Peter followed at a distance; and when they had kindled a fire in the courtyard and sat down around it, Peter sat among them.

Then a maid, seeing him as he sat in the light, gazed at him and said, “This man also was with him.”

But he denied it, saying, “Woman, I do not know him.”

And a little later someone else saw him, and said, “You also are one of them.”

But Peter said, “Man, I am not.”

And after an interval of about an hour, still another insisted, saying, “Certainly this man also was among them, for he is a Galilean.”

But Peter said, “Man, I do not know what you are saying.”

And immediately, while he was still speaking, the cock crowed. And the Lord turned and looked at Peter.

And Peter remembered the word of the Lord, how he had said, “Before the cock crows today, you will deny me three times.” And he went out and wept bitterly.

4 responses

  1. … but if he would have admitted to be one of them, we might never have learned the lesson, and christianity might have died together with Jezus and Peter. Neither would Peter have learned the lesson – he was not very much in touch with himself.

    1. Well, it was pretty gutsy of Peter to be there at all.

      Someone else could have taken charge of the church; in fact Jesus’ brother James was recognized as head of the Jerusalem church, which was the movement’s world headquarters until they fled the Roman attack ~CE 70. So “died together with Jesus & Peter”? — I’d say no. If God wanted that message out there, it was going to happen.

      But for Peter to ‘learn the lesson’; there’s an interesting question: What lesson was that?

      That Peter’s ideal self-image, what he thought he should do and would do in the crunch, wasn’t at all like what he did? That’s an important lesson for anybody — and it fits nicely into Jesus’ teaching about not judging… But also, what Peter did was what God wanted here, whereas ideal behavior wouldn’t have taught us ‘the lesson’.

      Which is to say, that God doesn’t want ‘ideal’ behavior, but ‘our’ behavior. (It doesn’t necessarily need to be as bad as it sometimes gets…)

      Another lesson was nudging at me, & now I’m needing to fish for it: Peter starts off thinking that what will be asked of him will be courageous violence. He tries that, and Jesus tells him, no. Now he’s employing cunning… again, courageously so. & realizes that this isn’t what he’s supposed to be doing either. He’s supposed to be telling the truth even if it kills him; and he isn’t ready for that. Probably he’s not even called to do that, not this night– but Church legend has it that this is the way he does, eventually, meet his death.

  2. I seem to be more or less on the same wavelength. Thought about James too, when i wrote my first comment, but not knowing you enough, just kept my mouth shut about it.

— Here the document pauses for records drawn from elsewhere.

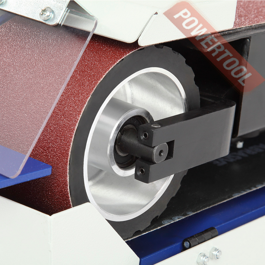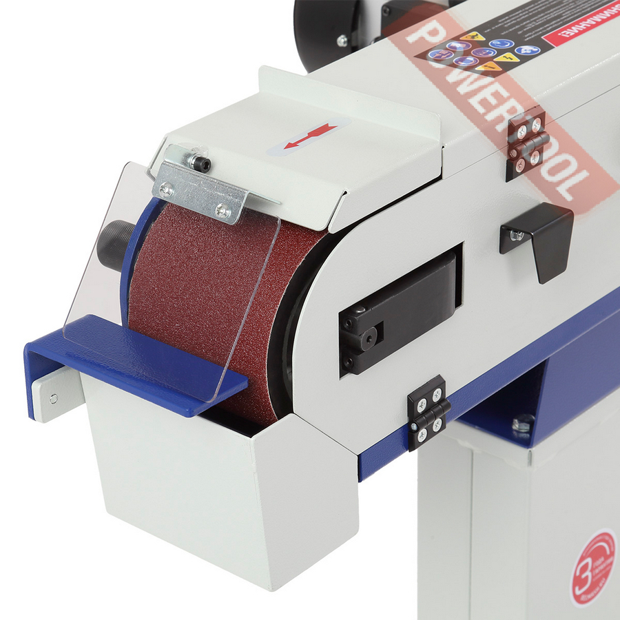 На станке установлена шлифовальная лента размером 1220х100 мм и зернистостью 80 грит. Скорость движения шлифовальной ленты составляет 19 м/с. Применение шлифовальных лент разной зернистости позволяет использовать станок для обработки различных материалов.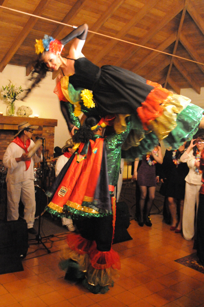 The woman with the colorful dress is dancing at the festivities. |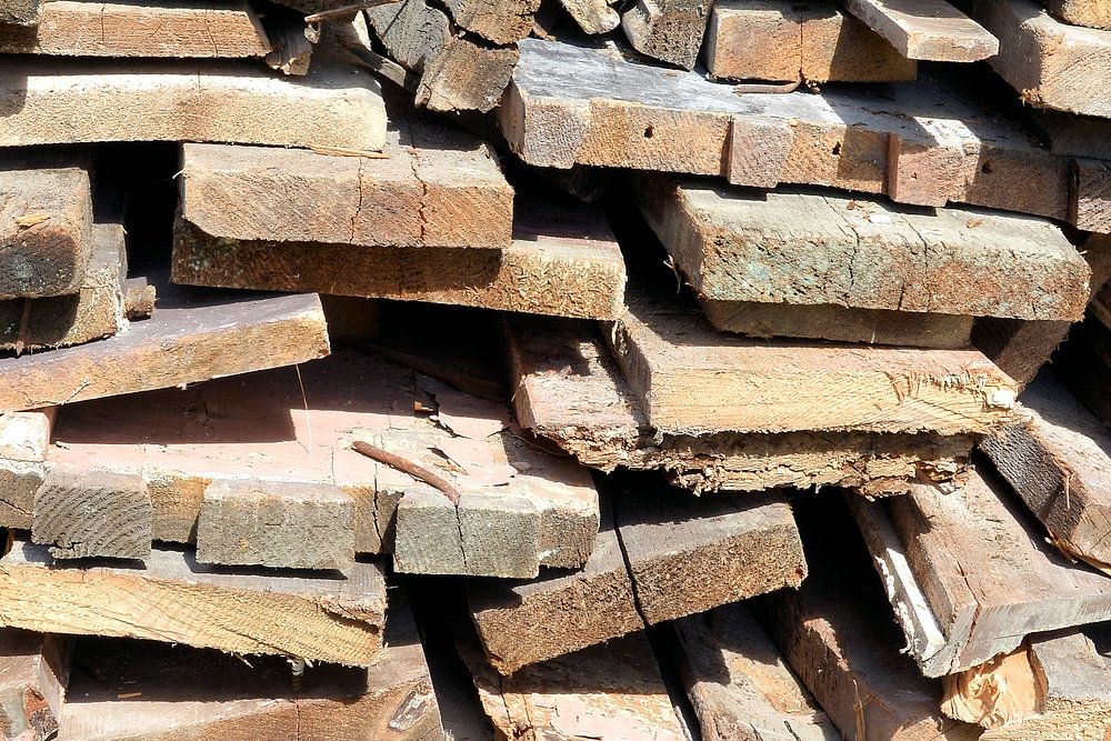Bois de chauffage empilé, composé de planches et de poutres provenant de déchets de démolition d'une ancienne maison, en grand tas, pour chauffer une cheminée ou un poêle en hiver.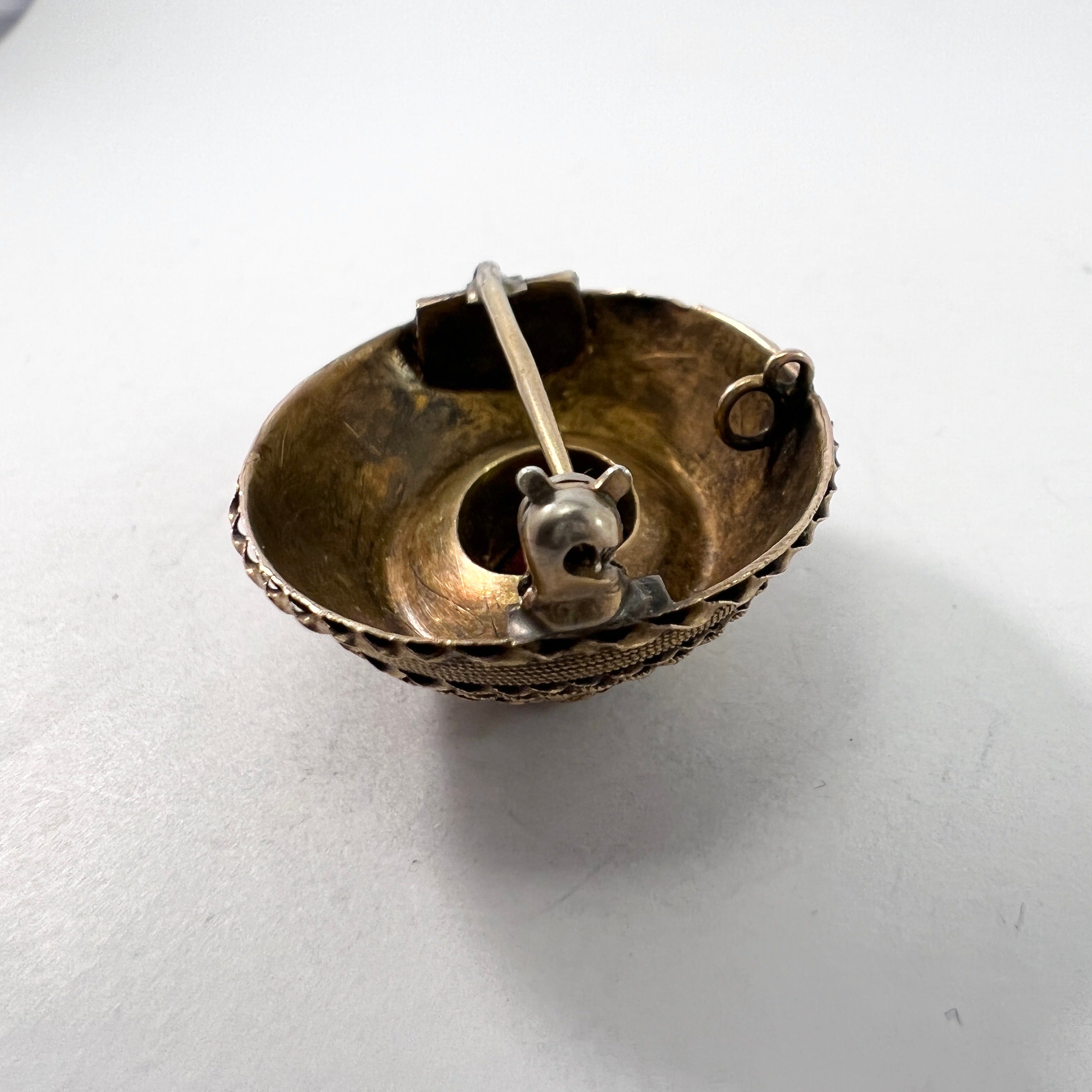 Fair condition: Small pieces of decoration missing, please see red arrows on photo. Stone with minor wear. Originally a pendant only and part of a bigger piece of jewelry. Needle and clasp are c 1920s

    “Which is to say, that God doesn’t want ‘ideal’ behavior, but ‘our’ behavior. (It doesn’t necessarily need to be as bad as it sometimes gets…)” this is also something i have thought of repeatedly. He wants us to experience Universe and Force(s) our way.
    Universe and Force being the world of experience. The other side of God, the emptiness, also needs being experienced, our way, and not the way of any lama or Sadhu, ..or meister Eckhart,

    The last paragraph of your comment is interesting to say the least. And in consequence, Why did Jezus surround himself with these macho heroes as well as prostitutes, tax bailiffs and so on? Because these people didn’t wear a mask most of the time and would accept truth faster than those having to unlearn there ‘good’ behaviour?

    Great talking to you. The bible doesn’t have to be oldfashioned or fundamentalist. This way leads to progress.

  3. Good having you around, too! “It’s always a pleasure to meet a live one!” as another friend put it.

    Did Jesus ‘surround himself with’ anybody? — or simply accept those who insisted? (Judas, for example?)

    Something in what you say, about people who aren’t too self-identified as ‘the Good people!’